Abstract

Emotion recognition using electroencephalogram signals has been widely studied in the last decade, achieving artificial intelligence models that accurately classify primitive or primary emotions. However, most of these models focus on signal processing methods to better recognize multiclass targets, ignoring efficient denoising methods to reduce artifacts in input samples. Therefore, this study proposes two-dimension reduction algorithms derived from machine learning models based on electroencephalogram channel selection and conflict learning. The last two approaches exploit the electroencephalogram signals from the SEED-V dataset as input data. Next, a wavelet noise-estimate frequency decomposition and a 1-D Local Binary Pattern (LBP) are applied to achieve a histogram per signal.
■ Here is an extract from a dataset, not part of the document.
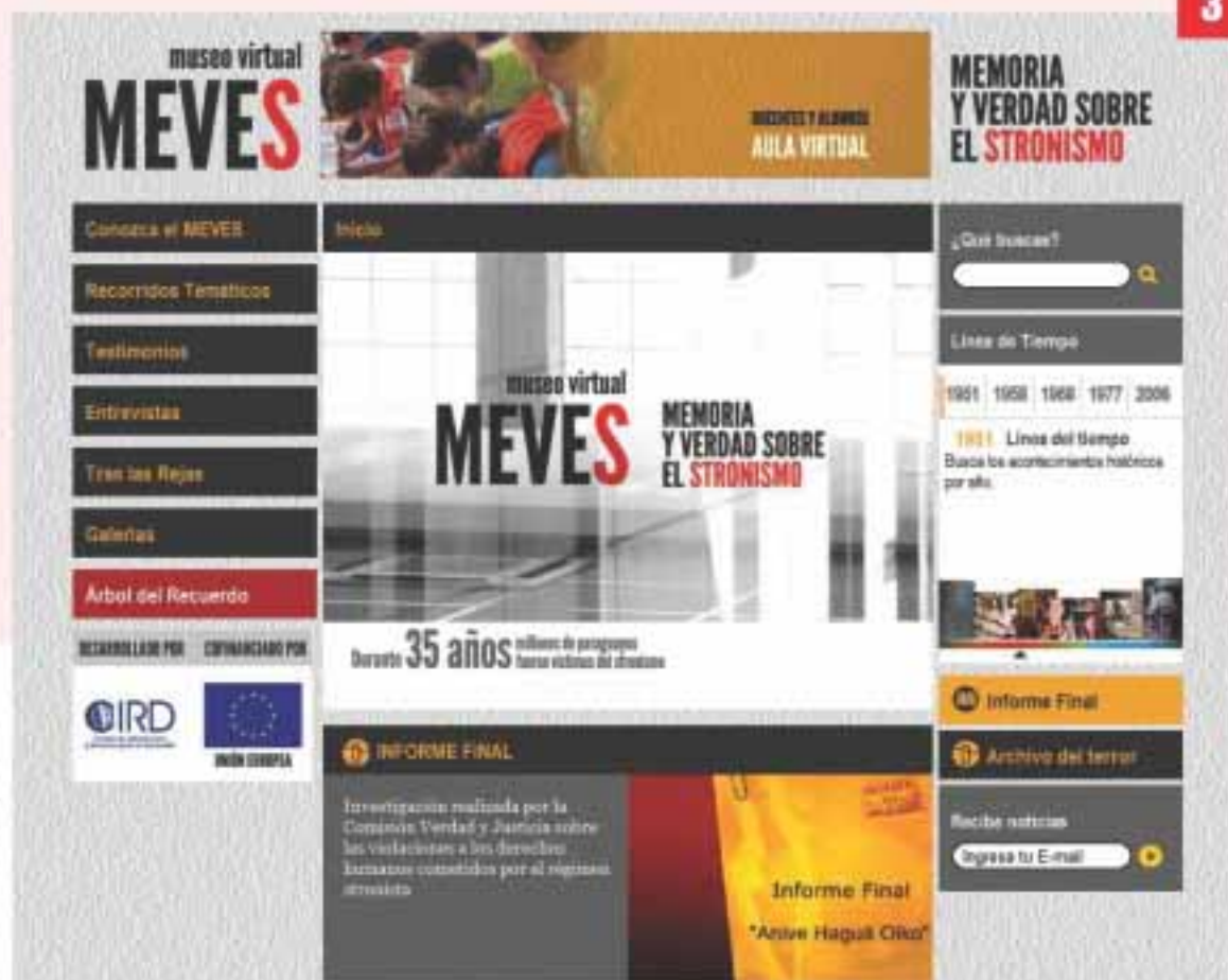
Portada del nuevo portal Web

Los responsables de la iniciativa señalaron que la juventud en su gran mayoría conoce poco de la historia reciente del país, específicamente lo relacionado con la dictadura de Stroessner, por ello que el proyecto busca recrear de forma accesible e ilustrativa todos los sucesos de este periodo.

After applying a feature extraction method, the targets per sample are adapted to yield the most relevant electroencephalogram channels and obtain a highly competitive machine-learning model that uses only the FCZ and CP4 electrodes. Additionally, relevant findings based on conflict learning yield that samples with “Happy” and “Disgust” targets had numerous artifacts compared with the other studied emotions (“Fear”, “Sad”, and “Neutral) but achieved superior performance than the channel selection method. The proposed framework reached accuracy rates per dimension reduction near 90% accuracy and between 87% and 92.8% using the F1-score metric. Hence, the classification results are highly competitive with state-of-the-art close-related methods.